In den vergangenen Tagen haben Unbekannte mehrfach versucht, bei Konstanzer Betrieben Geldüberweisungen auf ausländische Konten zu veranlassen. Dabei erhielten Buchhalter der Firmen und weitere Personen, die berechtigt Zugang zu den Geschäftskonten haben, per E-Mail Mitteilungen mit den Absenderdaten des tatsächlichen Geschäftsführers und wurden darin aufgefordert, größere Geldbeträge wegen angeblicher kurzfristiger Geschäftsabschlüsse ins Ausland zu transferieren.

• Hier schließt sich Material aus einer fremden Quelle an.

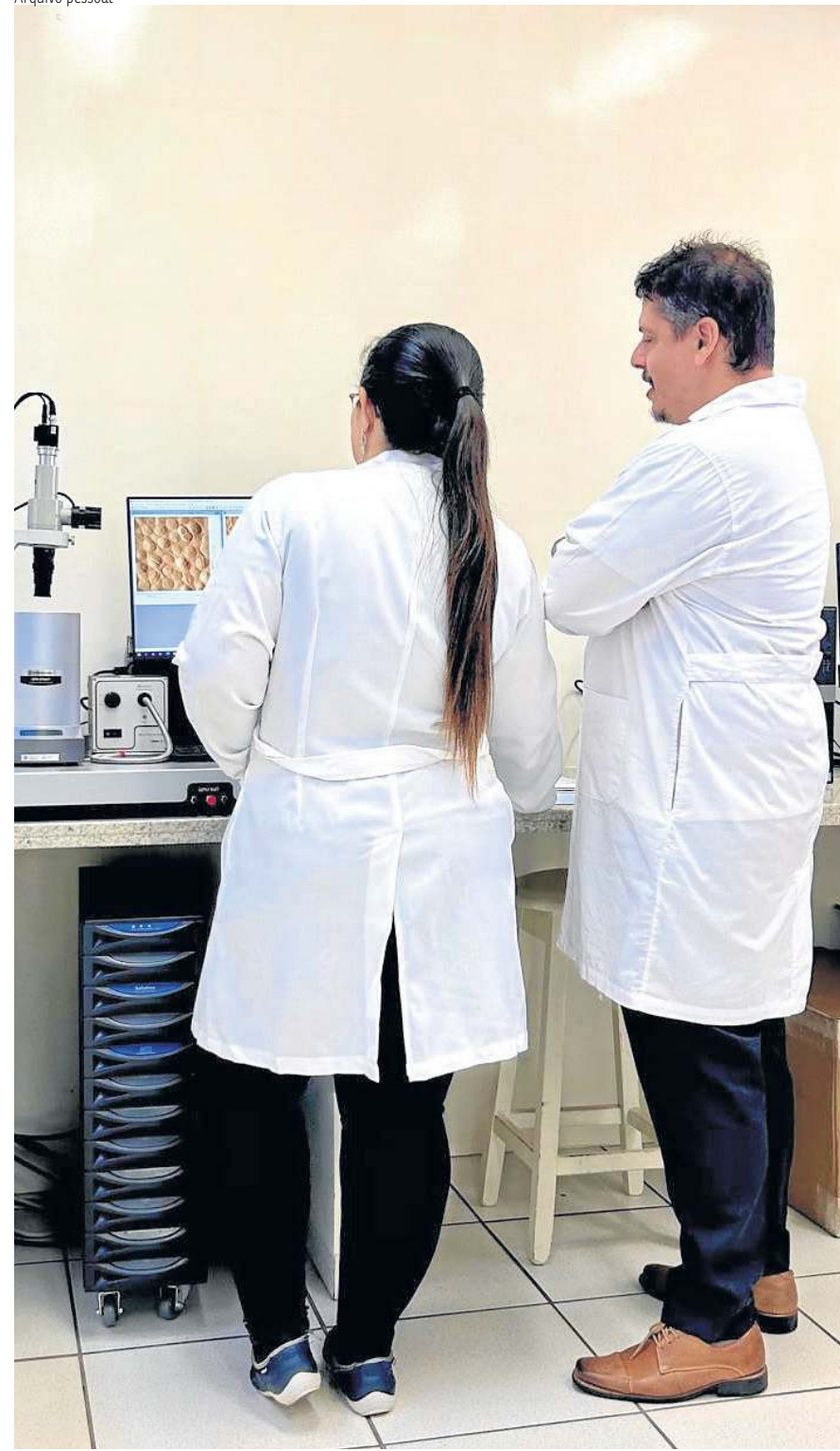
Os cientistas da Católica realizaram um experimento evolutivo in vitro

Um dem Nachdruck zu verleihen, wurde im Namen des Geschäftsführers teilweise auf die Gefahr hingewiesen, dass bei einer verzögerten Überweisung ein größerer Geschäftsabschluss gefährdet ist und in diesem Fall Nachteile für den Mitarbeiter zu drohen. Diesen Sachverhalt teilte die Polizei in ihrem Pressebericht mit. Bei den registrierten Fällen hätten sich die Adressaten bei der echten Geschäftsführung rückversichert und erfahren, dass es sich wohl um einen Betrugsversuch handelte.

Die Polizei warnt vor dieser bekannten Masche und rät, sich bei Geldtransaktionen von Geschäftskonten zwingend bei dem jeweils Verantwortlichen über deren Richtigkeit zu versichern. Im Verdachtsfall sollte die Polizei verständigt werden.